Excerpts from a dataset
━━━━━━━━━━━━━━━━

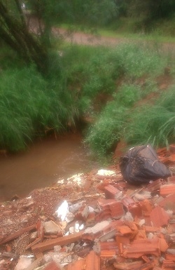 "Entulho às margens do Rio Água da Morte, em Boa Esperança. Caso meu quintal esteja sujo e seja encontrado foco do mosquito transmissor da dengue: Multa de R$ 400 a R$ 600, certo? Quanto vale a multa para essa sujeira mostrada nas fotos?"
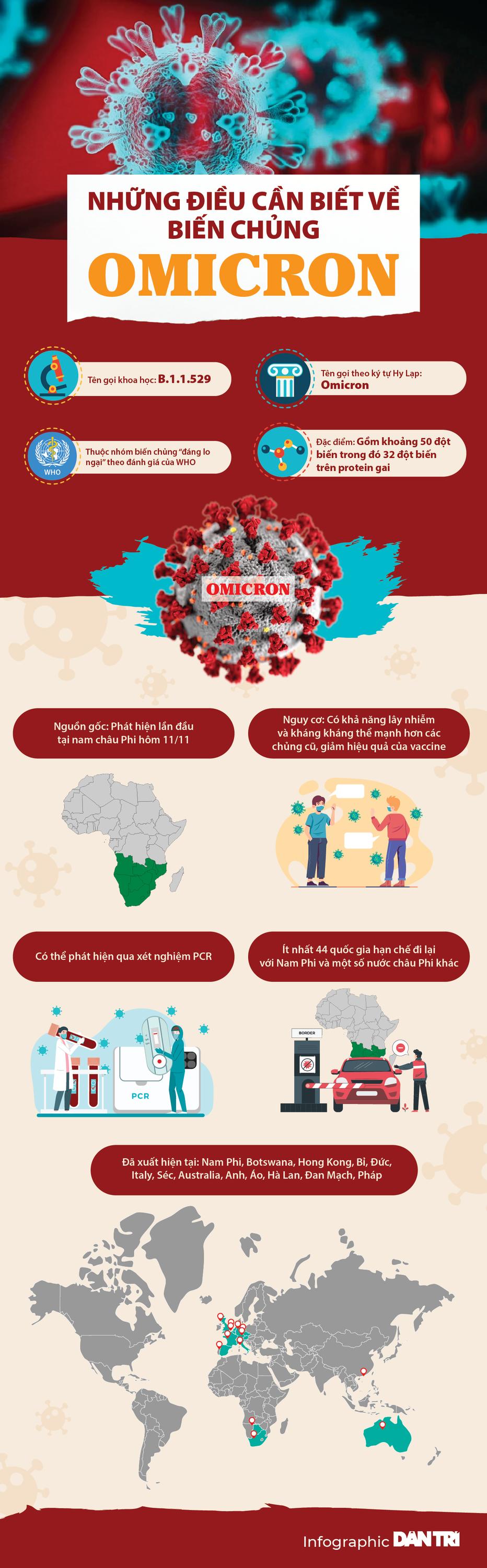 Ngay cả khi các nhà khoa học bắt đầu nghiên cứu kỹ lưỡng biến chủng mới, các quốc gia trên thế giới đã nhanh chóng áp lệnh hạn chế việc đi lại đối với các quốc gia ở phía nam châu Phi, nơi biến chủng Omicron lần đầu tiên xuất hiện tại Botswana và Nam Phi. Bất chấp những hạn chế này, biến chủng mới đã lan tới hàng loạt quốc gia châu Âu, trong đó có Áo, Bỉ, Séc, Đan Mạch, Hà Lan, Đức, Bồ Đào Nha, Tây Ban Nha, Anh, Italy. Ngoài ra, các ca mắc biến chủng Omicron còn được tìm thấy ở Hong Kong, Israel, Canada.
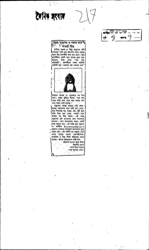 ভুয়া মাদ্রাসা ও গরুর ঘাস খাওয়া চিত্র Published on Newspaper দৈনিক সংবাদ Category Personal Opinion / Discussion / Commentary Personal Speech / Discussion / Comentary Secondary and Higher Secondary Education Download
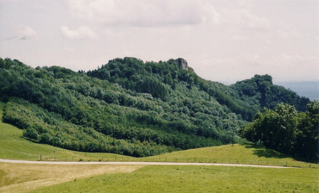 Die Mitte des bewaldeten Felsrückens verdeckt die Ruinen der weitläufigen Froburg. Der Felskopf rechts ist die Geißfluh.
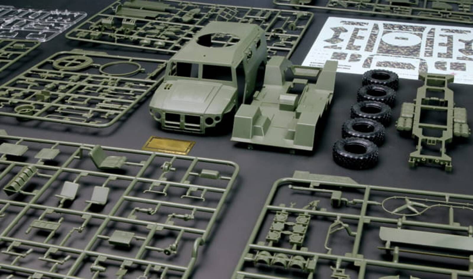 Highly detailed kit of the Russian Tiger features posable doors, full interior detail, traversing roof-mounted weapons station, clear light parts, and decals for the interior cabin wall camo patterns. Figures not included.
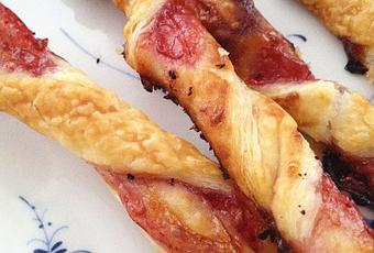 – Poner una fina capa de mermelada de frambuesa por encima del hojaldre con una cucharilla.
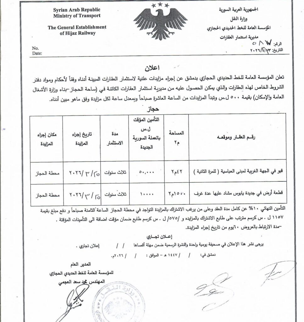 إعلان مزايدات على العقارات الكائنة في في مبنى العباسية و قطعة أرض في جديدة يابوس تصفّح المقالات مزايدة علنية للمرة الأولى في منطقة الميدان اترك تعليقاً إلغاء الردلن يتم نشر عنوان بريدك الإلكتروني. الحقول الإلزامية مشار إليها بـ *التعليق * الاسم * البريد الإلكتروني * الموقع الإلكتروني احفظ اسمي، بريدي الإلكتروني، والموقع الإلكتروني في هذا المتصفح لاستخدامها المرة المقبلة في تعليقي.
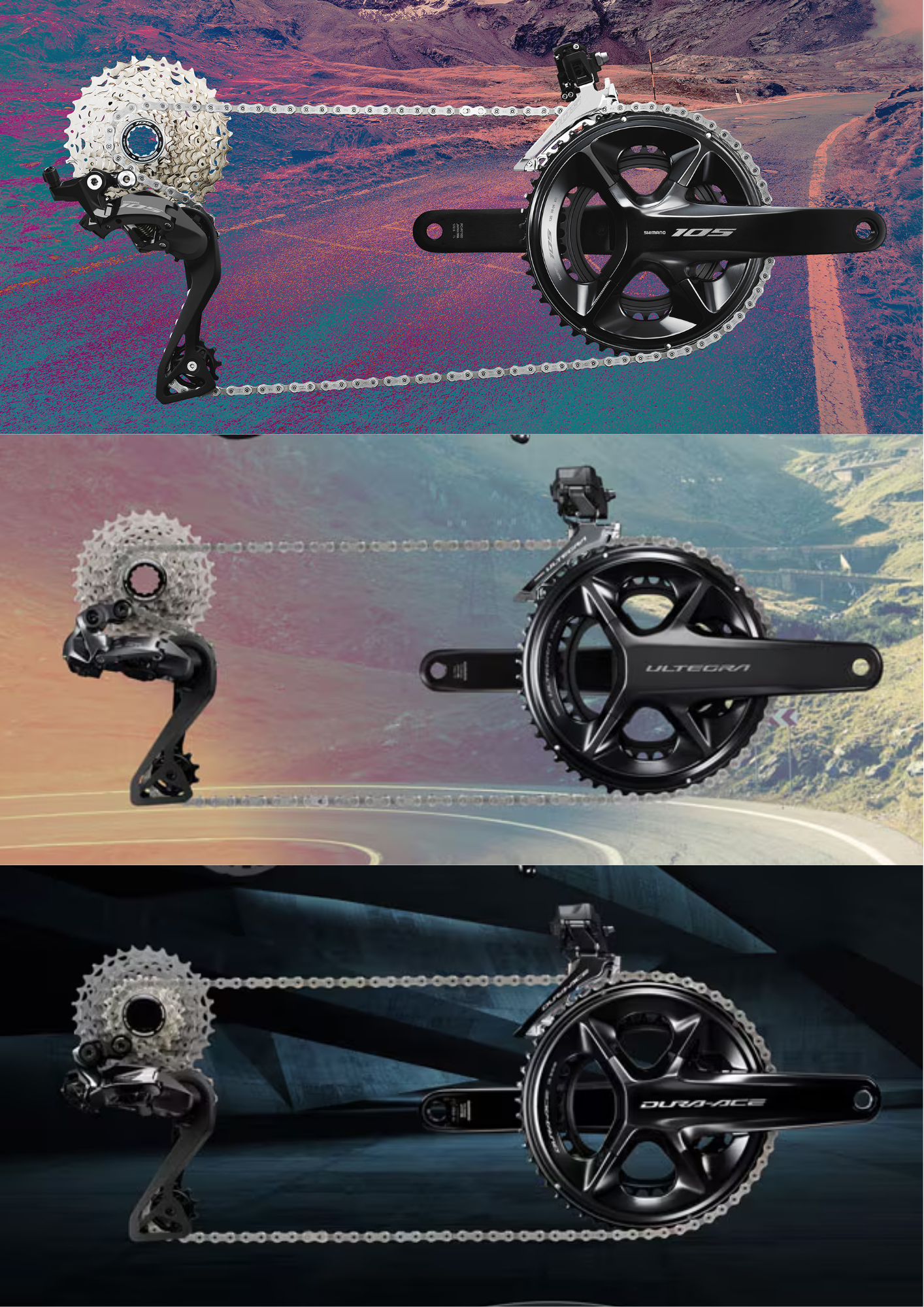 現在シマノから発売されているDi2搭載グレードは105・ULTEGRA・DURA-ACEの3種類です。
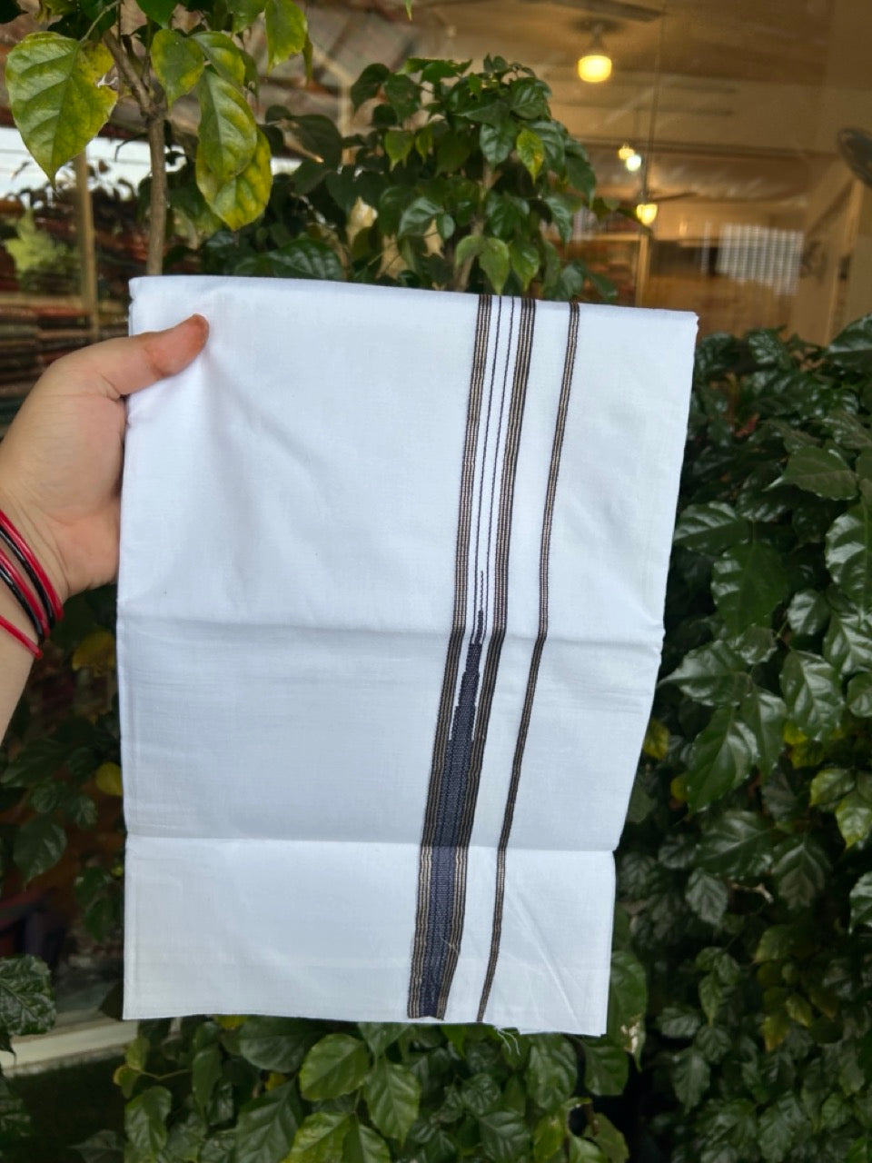 20% Discount ! Kaitharikada Balaramapuram 100% Cotton Pure White Double Mundu/Dothi - 100x80 - 1 inch Puliyilakkara Silver Kasav & Navy Blue One Side Chutty Kara 3.90 mtr (8 muzham) - 82 KK5285 VAS
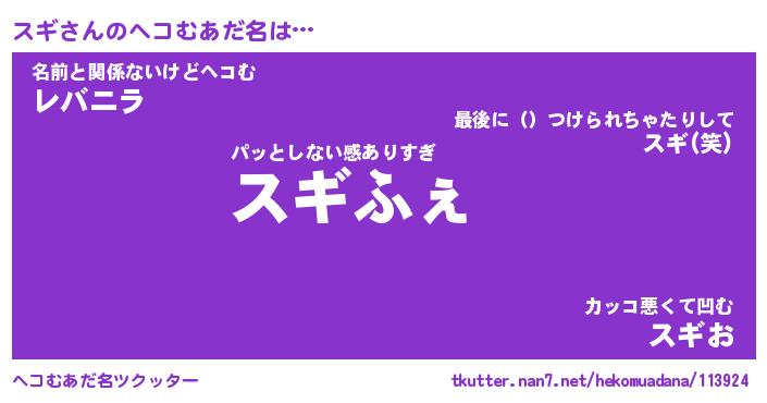 | 2回繰り返すあだ名 | 『スギスギ』『ススギギ』『ぐんぐん』 |
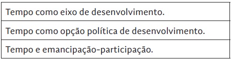 Na tabela 3, resumem-se os principais eixos de esquecimento do tempo cultural e social.
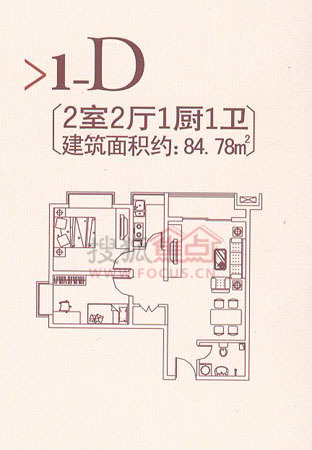 2室2厅1卫-84.78㎡2室2厅1厨1卫1-D
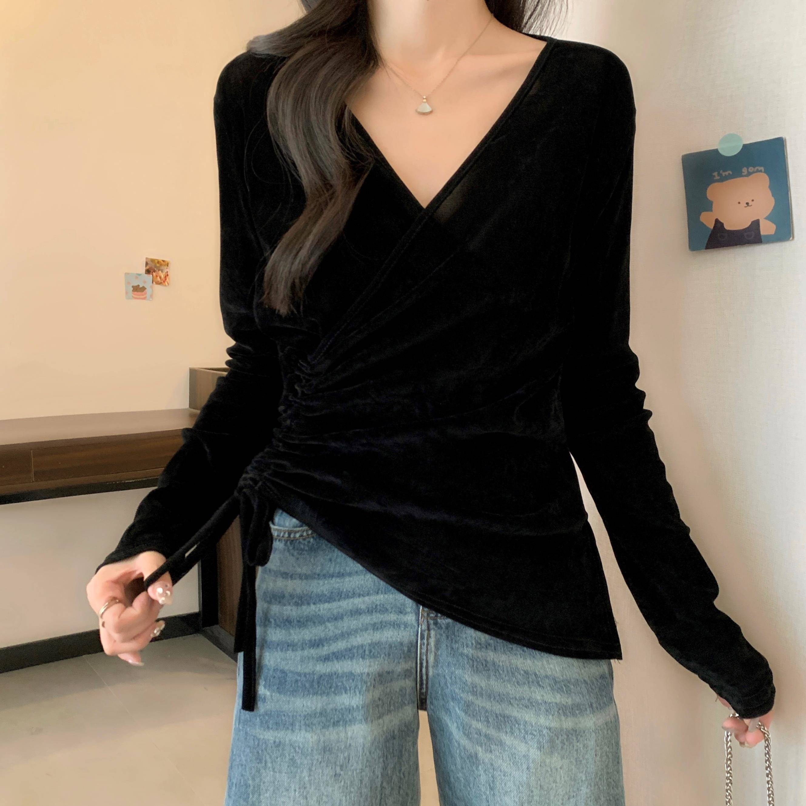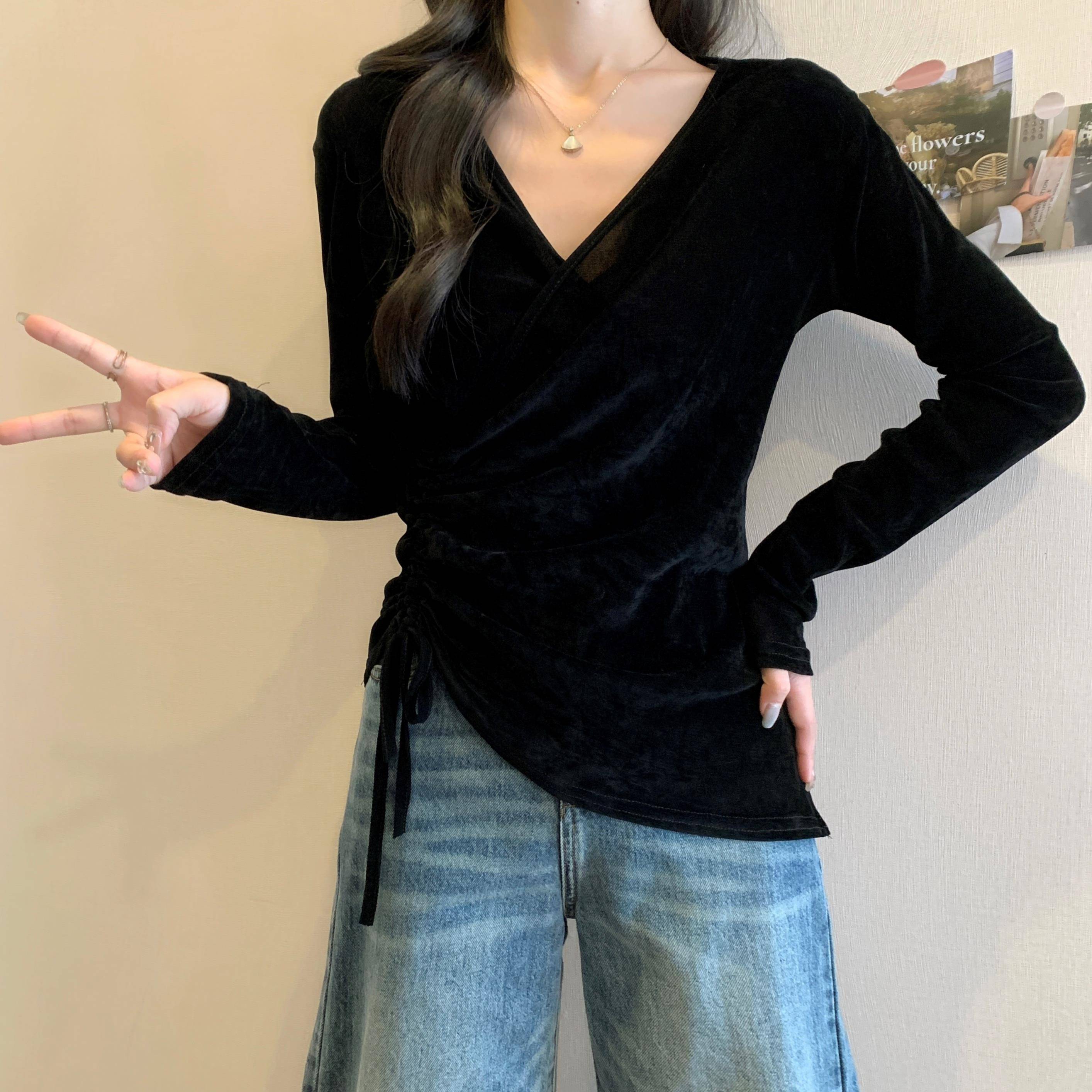 t恤1012z 女胖mm显瘦遮肚v领长袖 秋冬独漂亮金丝绒打底衫 2025大码
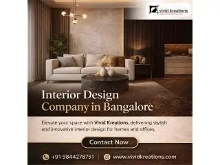Vivid Kreations is the best interior design company in Bangalore creates stylish spaces that reflect creativity, comfort and functionality. We focus on understanding lifestyles to design personal and practical interiors. Our approach combines creativity with thoughtful planning to deliver balanced spaces. We focus on quality materials, smart layouts and lasting aesthetics. Our designs support everyday living while improving their visual appeal. We work closely on every detail to maintain harmony and purpose. Our team values innovation and excellence in execution. We believe elegant interiors elevate experiences and create environments that inspire comfort, productivity and style. Contact Vivid Kreations today and take the first step toward beautifully designed spaces that meet your needs.
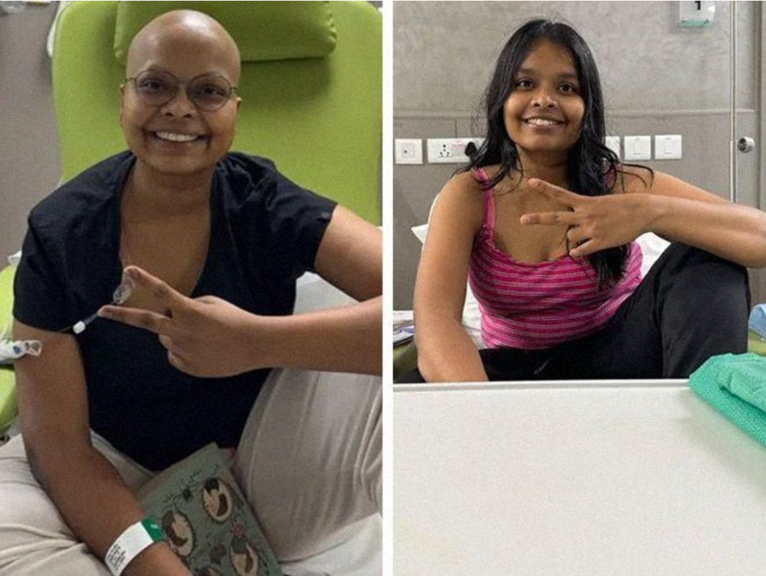 Today marks the final day of chemo—a chapter of life defined by both unimaginable pain and extraordinary courage comes to an unforgettable close. 💪 On one side, she sits quietly, bald from the relentless fight, yet her posture radiates resilience; her trembling hands lift in a peace sign that quietly proclaims, “I am still here, I have not surrendered.” Her eyes, though weary, reflect a fire that refused to be extinguished. On the other side, the same face beams with radiant energy—hair softly returning, cheeks glowing, and a smile so full of life it seems to light up the room. 🌈✨

━━━━━━━━━━━━━━━━

◆ **What this task involves**
Output exactly, and only, the lines of the entries above from the one with "Die Mitte des" up to and including the one with "Na tabela 3, resumem-se"; pictures are to be left out.

◆ **Your solution**
 Die Mitte des bewaldeten Felsrückens verdeckt die Ruinen der weitläufigen Froburg. Der Felskopf rechts ist die Geißfluh.
 Highly detailed kit of the Russian Tiger features posable doors, full interior detail, traversing roof-mounted weapons station, clear light parts, and decals for the interior cabin wall camo patterns. Figures not included.
 – Poner una fina capa de mermelada de frambuesa por encima del hojaldre con una cucharilla.
 إعلان مزايدات على العقارات الكائنة في في مبنى العباسية و قطعة أرض في جديدة يابوس تصفّح المقالات مزايدة علنية للمرة الأولى في منطقة الميدان اترك تعليقاً إلغاء الردلن يتم نشر عنوان بريدك الإلكتروني. الحقول الإلزامية مشار إليها بـ *التعليق * الاسم * البريد الإلكتروني * الموقع الإلكتروني احفظ اسمي، بريدي الإلكتروني، والموقع الإلكتروني في هذا المتصفح لاستخدامها المرة المقبلة في تعليقي.
 現在シマノから発売されているDi2搭載グレードは105・ULTEGRA・DURA-ACEの3種類です。
 20% Discount ! Kaitharikada Balaramapuram 100% Cotton Pure White Double Mundu/Dothi - 100x80 - 1 inch Puliyilakkara Silver Kasav & Navy Blue One Side Chutty Kara 3.90 mtr (8 muzham) - 82 KK5285 VAS
 | 2回繰り返すあだ名 | 『スギスギ』『ススギギ』『ぐんぐん』 |
 Na tabela 3, resumem-se os principais eixos de esquecimento do tempo cultural e social.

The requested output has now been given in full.